Reputation: 613
I’m using Python 3.6 and Fabric 2.4. I’m using Fabric to SSH into a server and run some commands. I need to set an environment variable for the commands being run on the remote server. The documentation indicates that something like this should work:
from fabric import task
@task(hosts=["servername"])
def do_things(c):
c.run("command_to_execute", env={"KEY": "VALUE"})
But that doesn’t work. Something like this should also be possible:
from fabric import task
@task(hosts=["servername"])
def do_things(c):
c.config.run.env = {"KEY": "VALUE"}
c.run("command_to_execute")
But that doesn’t work either. I feel like I’m missing something. Can anyone help?
Upvotes: 5
Views: 5710
Reputation: 1322
I was able to do it by setting inline_ssh_env=True
, and then explicitly setting the env variable, ex:
with Connection(host=hostname, user=username, inline_ssh_env=True) as c:
c.config.run.env = {"MY_VAR": "this worked"}
c.run('echo $MY_VAR')
Upvotes: 4
Reputation: 1141
When creating the Connection
object, try adding inline_ssh_env=True
.
Quoting the documentation:
Whether to send environment variables “inline” as prefixes in front of command strings (
export VARNAME=value && mycommand here
), instead of trying to submit them through the SSH protocol itself (which is the default behavior). This is necessary if the remote server has a restrictedAcceptEnv
setting (which is the common default).
Upvotes: 1
Reputation: 5621
You can try that:
@task
def qa(ctx):
ctx.config.run.env['counter'] = 22
ctx.config.run.env['conn'] = Connection('qa_host')
@task
def sign(ctx):
print(ctx.config.run.env['counter'])
conn = ctx.config.run.env['conn']
conn.run('touch mike_was_here.txt')
And run:
fab2 qa sign
Upvotes: 1
Reputation: 1060
As stated on the site of Fabric:
The root cause of this is typically because the SSH server runs non-interactive commands via a very limited shell call: /path/to/shell -c "command" (for example, OpenSSH). Most shells, when run this way, are not considered to be either interactive or login shells; and this then impacts which startup files get loaded.

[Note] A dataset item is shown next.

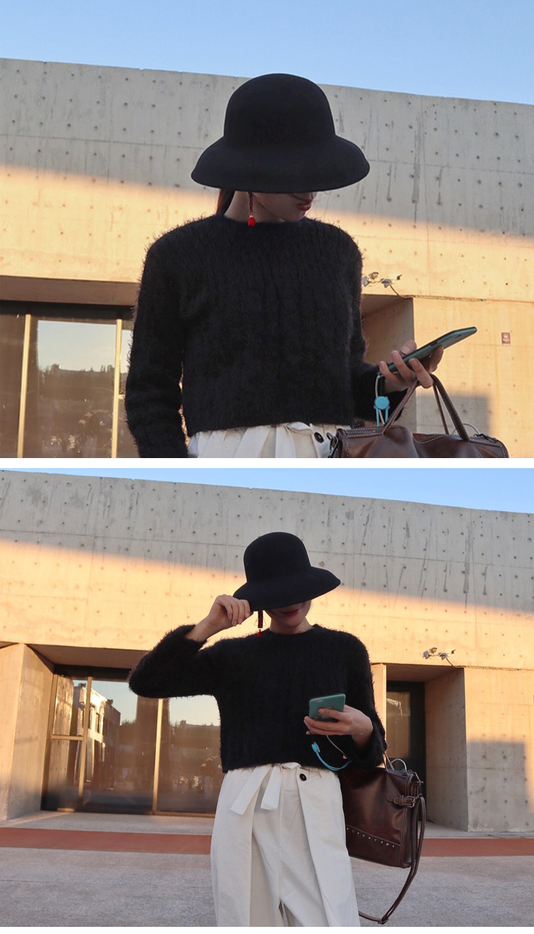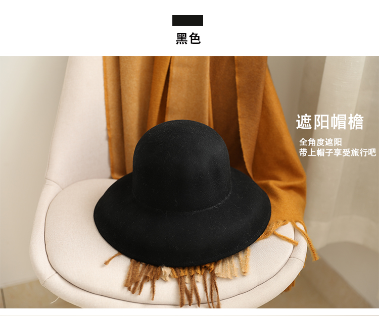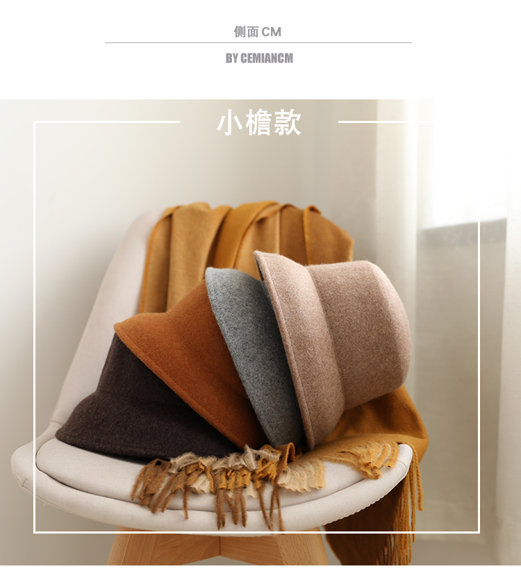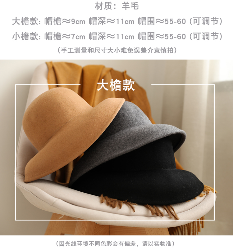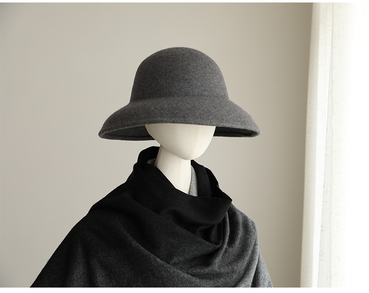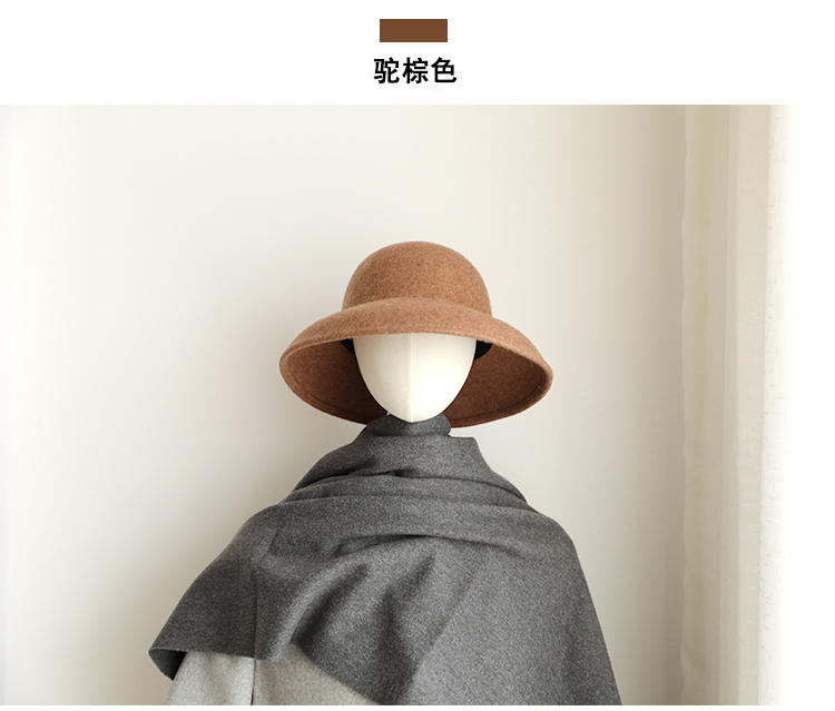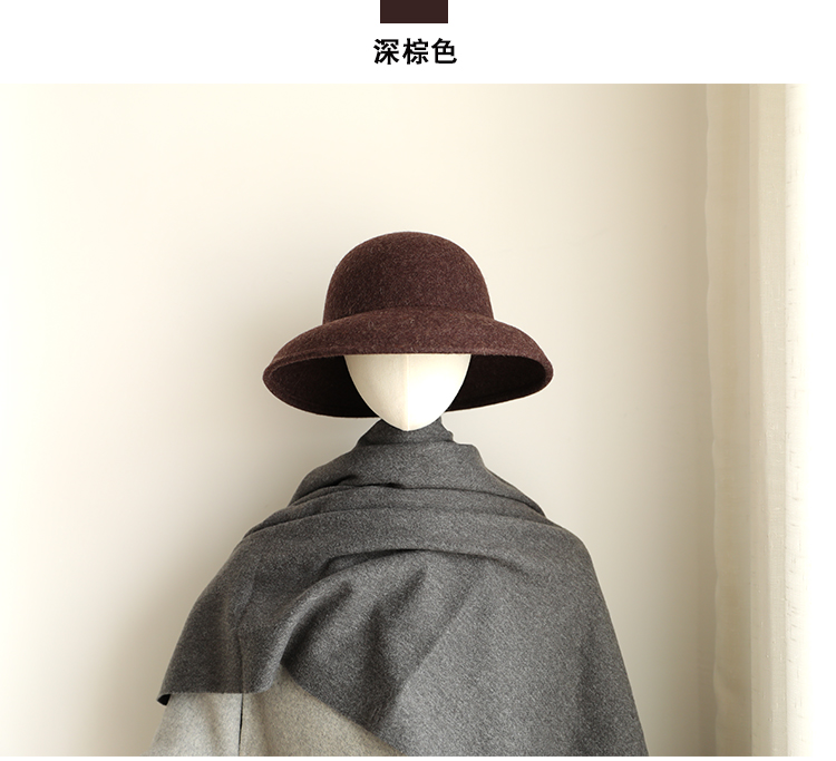 赫本毛呢帽子女秋冬韓版復古鐘形盆帽黑色漁夫帽優雅法式羊毛禮帽1入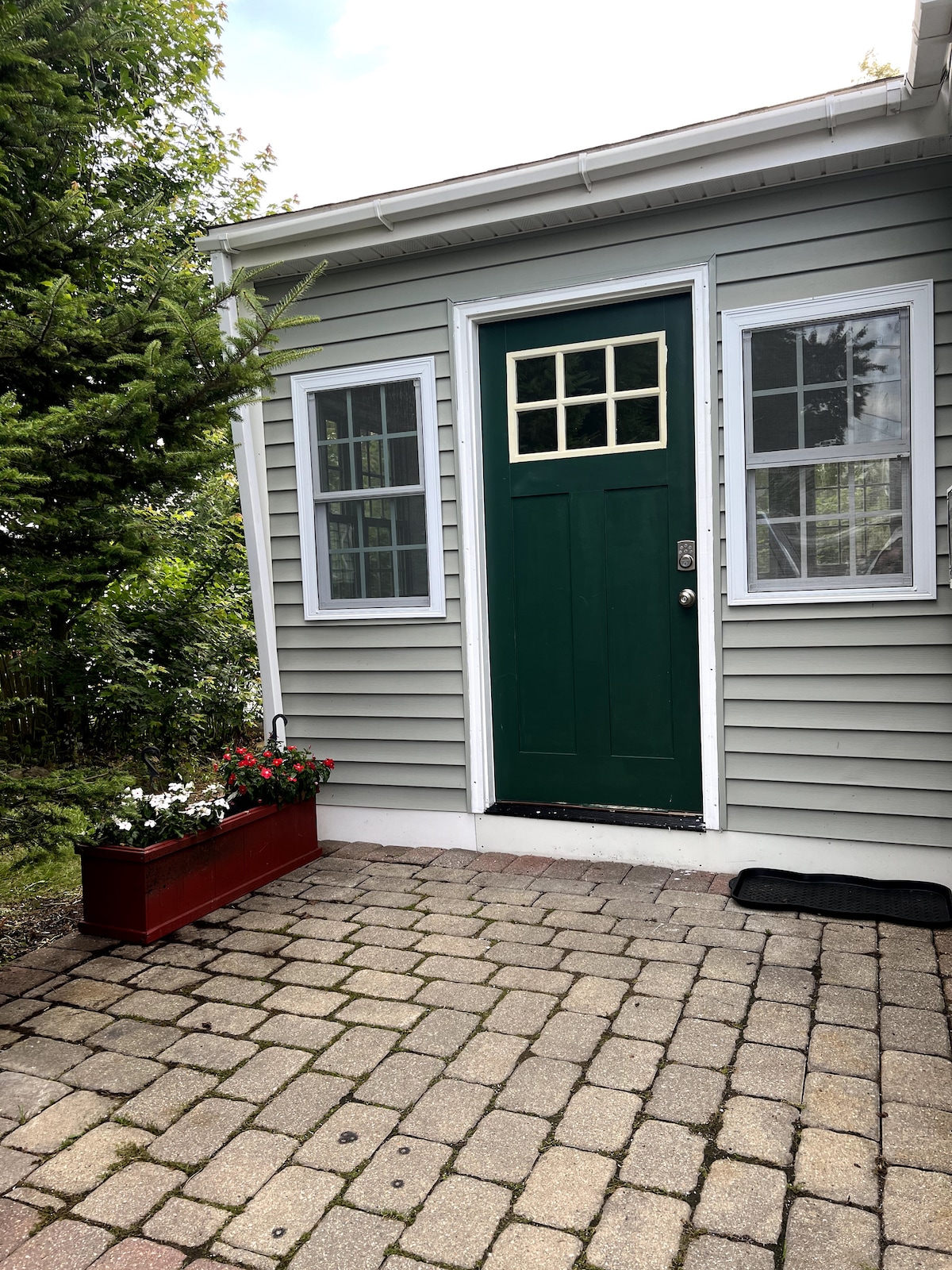 Odpręż się i zrelaksuj w tym spokojnym, stylowym i cichym miejscu z łatwym parkingiem. Spacer/rower na plażę. Ciesz się prywatną przestrzenią z jadalnią, sofą, dużym łóżkiem i prywatną łazienką. Powierzchnia wynosi ponad 600 stóp kwadratowych z dużą ilością słońca - wszystko zbudowane w ciągu ostatnich 2 lat. Odwiedź sklepy i kawiarnie w Portsmouth. Czysta, jasna i prywatna przestrzeń odpowiednia dla pary. Dwa rowery i krzesła plażowe. Znajdujemy się nieco ponad milę od plaży i łatwy dojazd do miejsc w NH/Maine.

You read more on this page link
So what you try to do won't work, and the solution is to pass the environment variable you want to set explicitly:
from fabric import task
@task(hosts=["servername"])
def do_things(c):
c.config.run.env = {"KEY": "VALUE"}
c.run('echo export %s >> ~/.bashrc ' % 'ENV_VAR=VALUE' )
c.run('source ~/.bashrc' )
c.run('echo $ENV_VAR') # to verify if it's set or not!
c.run("command_to_execute")
Upvotes: 2
Reputation: 472
According to that part of the official doc, the connect_kwargs
attribute of the Connection
object is intended to replace the env
dict. I use it, and it works as expected.